Rep. Beth McCann, D-Denver, is sponsoring the bill in hopes of making the foreclosure process cleaner and fairer for homeowners.
Colorado Springs real estate attorney Stephen Brunette of the Gasper Law Group has been waiting for more than three years to see a bill like this.
Brunette has been litigating three Colorado cases where the lender that foreclosed on the homeowners he’s defending weren’t able to prove they held the loans they were foreclosing on, but were still able to proceed.
The problem, Brunette said, is that lenders aren’t required by law to prove they have the right to foreclose in Colorado.
“I’m not exaggerating,” Brunette said. “Colorado law is they can say, ‘I have the right to foreclose because I say so.’”

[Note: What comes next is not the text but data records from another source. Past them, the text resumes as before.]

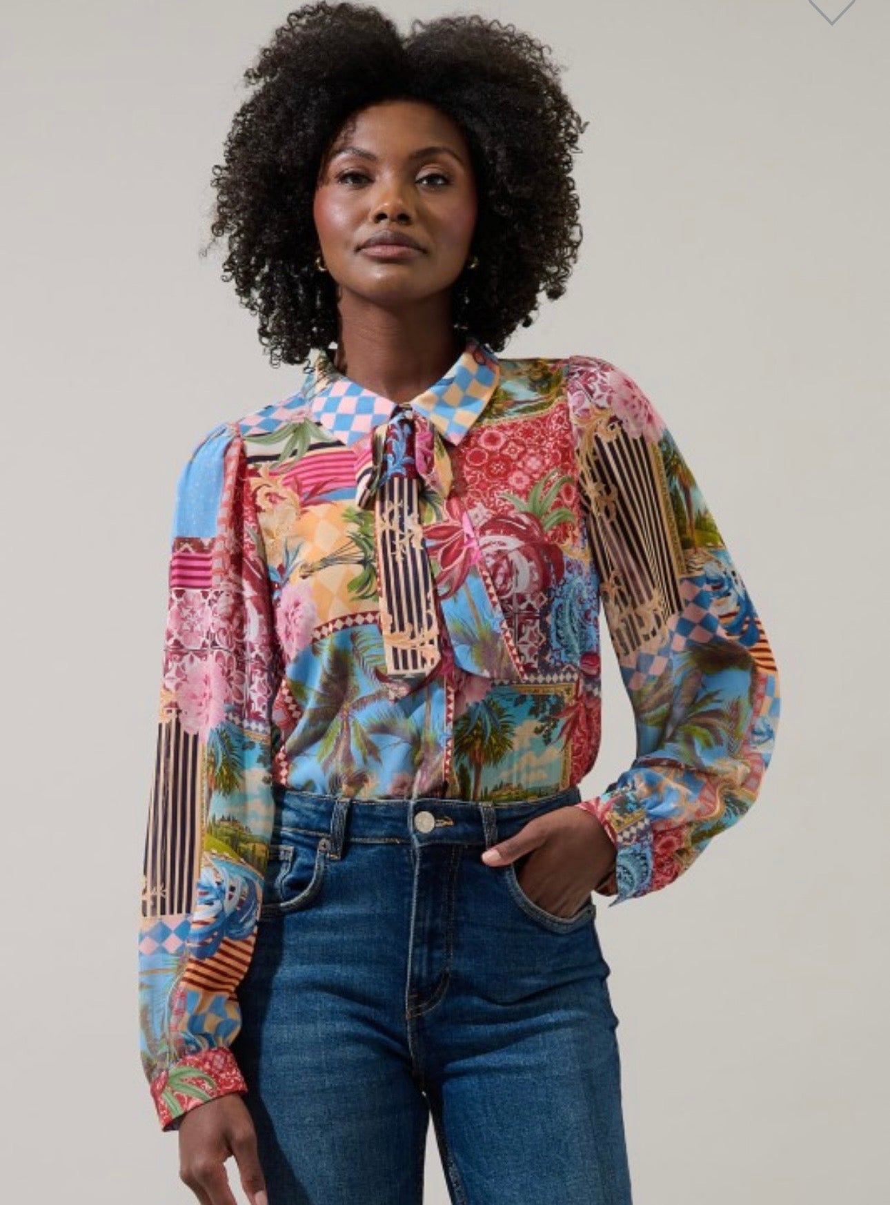 Mixed Pattern Button Down Top
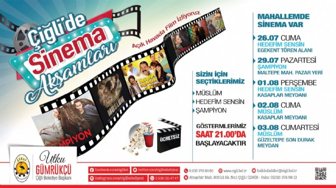 Çiğli Belediye Başkanı Utku Gümrükçü, sinemaya gitme fırsatı bulamayanlar için “Mahallemde sinema” etkinliği yaparak, vatandaşı sokaklara çıkaracaklarını söyledi. Çiğlili sinemaseverlerin, aileleri ve sevdikleriyle beraber keyifli vakit geçirme imkanı bulacağı bu etkinliğe halkı davet eden Başkan Gümrükçü, “Sıcak yaz akşamları için keyifli bir sinema etkinliği düzenledik. Son dönem filmlerini gösterime sunacağız. Ailelerimizin çocuklarıyla birlikte gelerek keyifli vakit geçirmelerini istiyoruz” dedi.
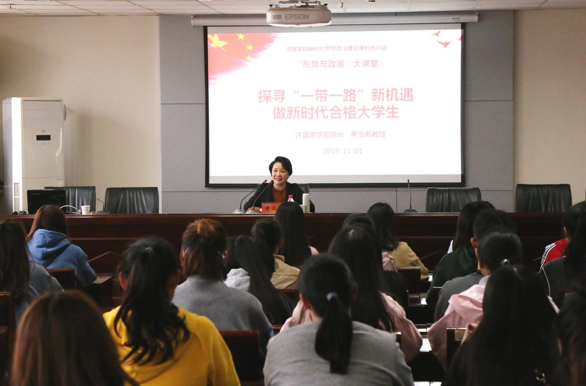 11月1日下午,许昌学院副院长黄怡俐教授做客马克思主义学院第三期“形势与政策”大讲堂,开展专题宣讲。她以《探寻一带一路新机遇 做新时代合格大学生》为题,为联点院系外国语学院2018级学生代表上了一堂形势政策与学业专业密切结合的精彩理论课。
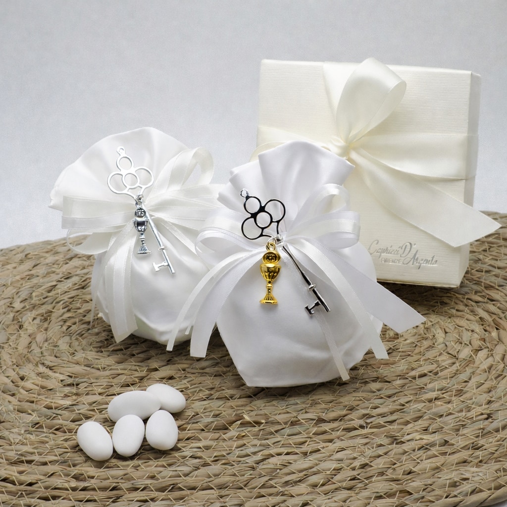 Una bomboniera Prima Comunione simbolica e raffinata, pensata per celebrare la questo importante giorno con eleganza e significato. Il simbolo della chiave, emblema di apertura e fiducia, con il calice, segno profondo del sacramento e della fede, completata un elegante sacchetto in raso bianco.
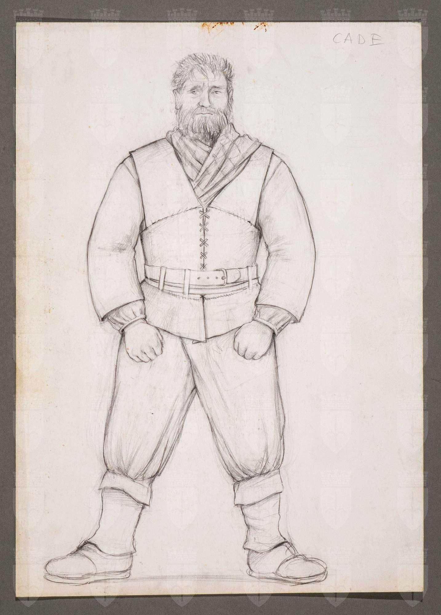 Il gioco dei potenti, libero adattamento di Giorgio Strehler da Enrico VI, dramma storico di William Shakespeare, in 15 atti e 2 giornate. Figura maschile in piedi, di fronte, a capo scoperto e capigliatura disordinata, indossa una sciarpa, casacca chiusa in vita da una cintura, ampie brache al ginocchio, ghette alte.
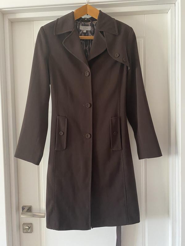 Плащ в идеальном стоянии. Цвет шоколад. Размер М. До колен.
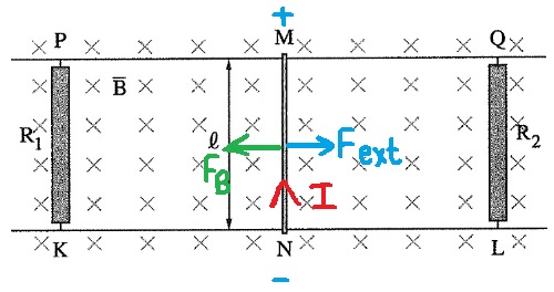המוט נע במהירות קבועה, מהחוק הראשון של ניוטון שקול הכוחות הפועלים על המוט שווה לאפס, לכן בנוסף לכוח המגנטי פועל כוח חיצוני השווה בגודלו לכוח המגנטי ומנוגד לו בכיוונו.
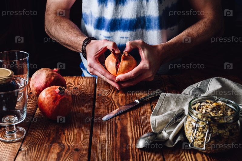 Человек раскрывает гранат. Серия о приготовлении полезного десерта с гранатом, мюсли, сливками и джемом
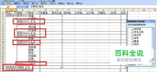 在”班级"行字段中也可选择任意的汇总项目。
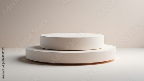 Two Off White Cylindrical Platforms Beige Background
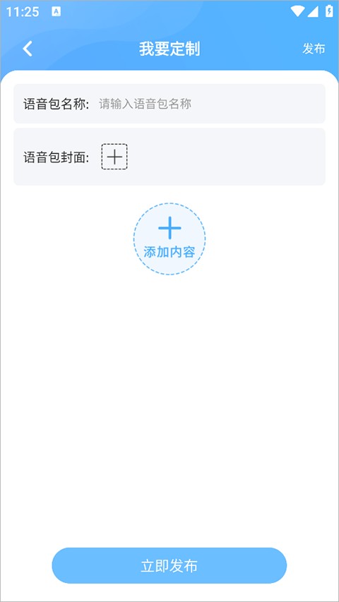 在定制页面中,填写语音包的名称、上传封面并编辑内容,同时完成各项相关设置。

One of Brunette’s cases involving Colorado Springs homeowner Sonya Robison is set to go to trial within the next month or two, Brunette said. Because it’s set for trial, he didn’t want to discuss the case of the woman who lost her home in foreclosure to a lender she said she never had a loan with.
Another of Brunette’s cases, William Henry Wesson vs. Onewest Bank, is in the Colorado Court of Appeals.
Wesson lost his Pitkin County home to foreclosure though he had more than $500,000 of equity in it and could have sold it and paid off his loan, Brunette said.
“People have no opportunity to work a new deal if they can’t even find out who holds their loan,” Brunette said.
Brunette said he’s been fighting to change the law to require lenders to offer up documentation proving they own the debt they’re foreclosing on.
Colorado has a much lower burden of proof for lenders than most states, he said. And it leaves homeowners and borrowers more vulnerable than they are in the rest of the country.
It’s become increasingly complicated for lenders to supply those documents as mortgages have been sold into securities, Brunette said.
His legal cases with the banks have lasted years against well-funded advisories and it took years just to get to breaking points in the cases, he said. Brunette is hoping that if his three court cases don’t result in a change to the law, McCann’s bill will.
But he has little hope the bill will pass.
Opponents to legislation like this have said in the past that the system is overwhelmed with foreclosures and any added regulations will just bog down the process even more.
“This whole thing could just rot on the vine,” Brunette said. “But it’s a good start.”